Each of these mobile browsers has different capabilities that may affect your app’s performance. The open-source project Ringmark [1] provides a suite of tests that help you understand which browsers support the functionality your app needs; it also helps you learn what features you can expect your users to access now. Check out the Ringmark section on Browserscope to see how specific mobile browsers stack up.

Debugging

The plethora of mobile devices in the wild can make it very difficult to debug certain device-specific issues. There are a number of products out there to make your life easier.
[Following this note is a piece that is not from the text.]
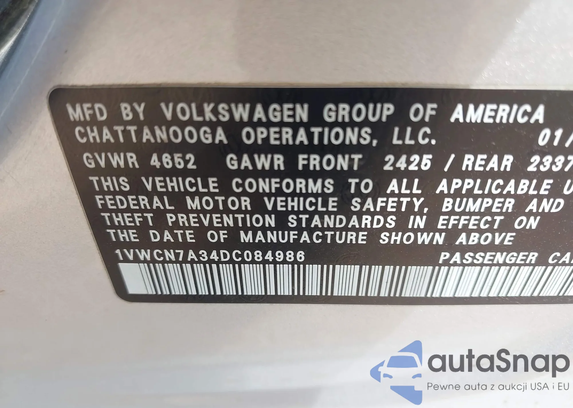 LOT: 42771821 VIN: 1VWCN7A34DC084986
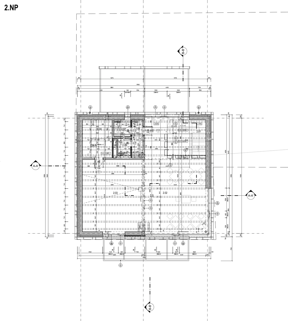 Na poschodí (102,89m2) je variabilný priestor s možnosťou spájania a rozdeľovania podľa aktuálne prebiehajúcich aktivít.

Device Anywhere host a large selection of mobile devices across multiple geographies and carriers. You control a device remotely to view, interact and debug your product on any number of handsets as either manual or automated tests.

iOS

Apple provides simulators for the iPhone, iPad and iPod touch. The built-in Safari browser has a Developer mode which reports errors and warnings more readily than the default setting.

Android

Google provides a cross-platform emulator for vanilla versions of their Android operating system. In addition, calls to the JavaScript console are logged in the devices logcat system, where they can be read from an ADB shell. For more information on reading logcat logs see this article.

Windows Mobile

Microsoft provide emulators for a number of their mobile operating systems, including Windows Phone 7 and Windows Mobile 6.

Blackberry

RIM provide simulators for every phone they’ve ever produced. Browse the full list here.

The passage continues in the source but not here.